- The problem -
Strip the pictures and reproduce the rest of the listing exactly.
Data excerpt Start Marker
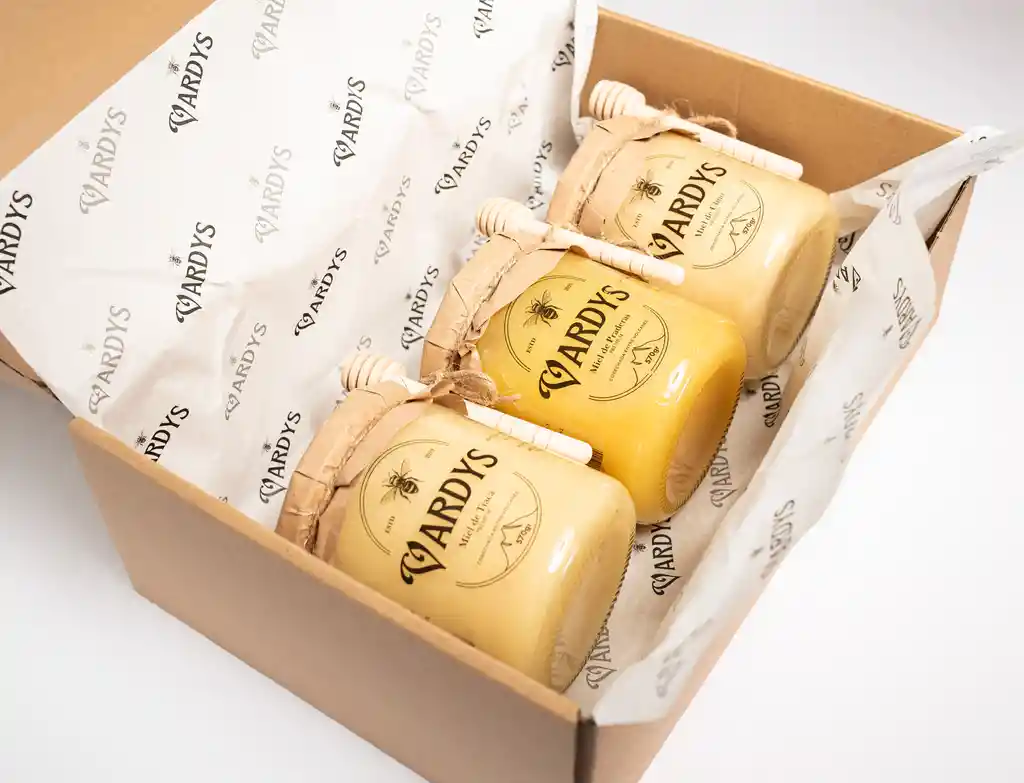 Nuestra trilogía de mieles Vardys disponibles en formato de 570 gramos Ulmo, Tiaca y Praderas Mézclalas como más de guste y recíbela en nuestra Vardysbox directo en tu hogar. Lo mejor de la naturaleza, miel pura y natural sin ningún proceso, aditivo ni contaminante. Origen Volcán Puntiagudo, Lago Todos Los Santos. PRESENTACÍON EN VARDYSBOX TODAS CON DIPPER (CUCHARA DE MADERA)
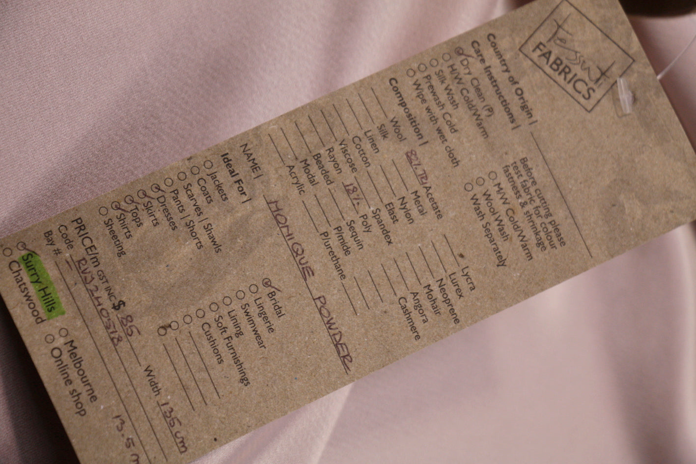 Powder pink satin backed 82% acetate 18% polyester. Width: 135cm
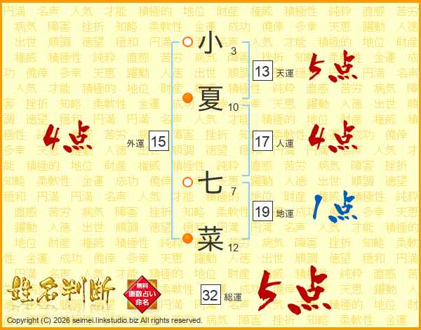 生活面を象徴する運勢です。外部から受ける影響力を表し、結婚運、家庭運や職場、環境への順応性を表します。総運から人運を引いた画数。姓や名が1文字の場合を除く。
Data excerpt End Marker
- Worked solution -
 Nuestra trilogía de mieles Vardys disponibles en formato de 570 gramos Ulmo, Tiaca y Praderas Mézclalas como más de guste y recíbela en nuestra Vardysbox directo en tu hogar. Lo mejor de la naturaleza, miel pura y natural sin ningún proceso, aditivo ni contaminante. Origen Volcán Puntiagudo, Lago Todos Los Santos. PRESENTACÍON EN VARDYSBOX TODAS CON DIPPER (CUCHARA DE MADERA)
 Powder pink satin backed 82% acetate 18% polyester. Width: 135cm
 生活面を象徴する運勢です。外部から受ける影響力を表し、結婚運、家庭運や職場、環境への順応性を表します。総運から人運を引いた画数。姓や名が1文字の場合を除く。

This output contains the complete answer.